Par la suite, les scientifiques ont analysé le tissu cérébral des souris atteintes de la maladie d’Alzheimer placées dans des environnements stimulants. Dans la région de l’hippocampe, structure qui joue un rôle central dans la mémoire, les améliorations mnésiques étaient accompagnées d’une réorganisation des neurones produisant la protéine parvalbumine et de leurs filets périneuronaux.

Lorsqu’on est soumis à des nouvelles expériences, de nouvelles stimulations, et que l’on apprend quelque chose, nos neurones réorganisent leurs connexions entre eux : c’est la plasticité cérébrale. Les filets périneuronaux interviennent dans ce processus en « fermant » une phase d’apprentissage lorsqu’ils forment une toile autour des neurones à parvalbumine. Ces filets stabilisent les connexions neuronales et permettent un meilleur ancrage des souvenirs.
Il restait alors à Laure Verret et ses collègues de prouver que l’environnement stimulant des souris influençait directement les mécaniques à l’œuvre au sein de l’hippocampe. « Pour ce faire, nous avons injecté aux souris une molécule empêchant la formation des filets périneuronaux pendant la période d’enrichissement environnemental », raconte Guillaume Bouisset, postdoctorant et premier auteur de l’étude, dont la thèse portait sur cette thématique. « Le résultat était clair, les souris ne montraient plus d’amélioration de leur mémoire. À l’inverse, lorsque nous leur avons injecté un facteur de croissance connu pour stimuler ces réseaux, leur mémoire leur revenait. »
Ces résultats mettent en évidence le rôle central des neurones parvalbumine et de leurs filets périneuronaux dans les bénéfices cognitifs de l’environnement enrichi. Ils identifient un substrat cellulaire de la réserve cognitive et confirment l’importance d’agir sur le mode de vie pour prévenir ou retarder le déclin cognitif.
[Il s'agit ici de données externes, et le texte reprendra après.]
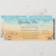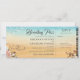 Invitation de billet de mariage de destination tropicale avec un fond ombré rustique jaune à bleu aquarelle, étoile de mer, coquillages, guirlande de lumières, deux cœurs dans le sable avec vos initiales et une section de réponse. REMARQUE : Vos invités devront découper la partie réponse de l'invitation et vous la renvoyer dans une enveloppe séparée (non fournie). La section de réponse mesure environ 3x4 pouces.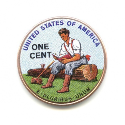 Юбилейная монета «1 цент 2009 года „Юность в Индиане. 200 лет со дня рождения Авраама Линкольна.“» Соединенные Штаты Америки (1981 - 2013) (США) Монетный двор: «D», Денвер Цинк с медным покрытием, эмаль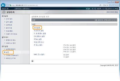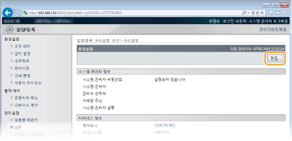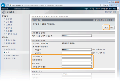 리모트 UI에서 기기의 설정을 변경하려면 관리자 권한이 필요합니다. 아래의 절차에 따라 시스템 관리자 비밀번호를 변경하십시오. 시스템 관리자 비밀번호 설정 정보는 기기의 보안에 매우 중요합니다. 시스템 관리자 비밀번호는 관리자만 알고 있어야 합니다.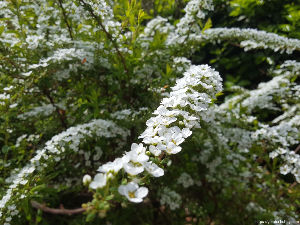 조팝나무가 출발지 안내석 옆에서 하얀 꽃을 피웠다. 마치 신부의 하얀 드레스 같이 아름답다.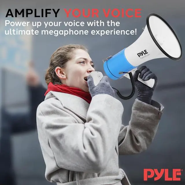 POWERFUL AUDIO OUTPUT - This megaphone offers: Talk, Siren, Music, Whistle, and Record (up to 60 seconds). It features a button-activated automatic siren alarm and delivers a powerful 50-Watt MAX output, ensuring your message is heard loud and clear.

À l’avenir, ces travaux ouvrent aussi la voie à des approches thérapeutiques complémentaires : soutenir systématiquement les stimulations sensorielles et cognitives chez les personnes âgées, atteintes ou non de la maladie, mais aussi développer des stratégies pharmacologiques capables de reproduire les effets bénéfiques de l’environnement enrichi.
Ces travaux de recherche ont reçu le soutien de l’association France Alzheimer et de la fondation Vaincre Alzheimer à hauteur de 200 000 euros.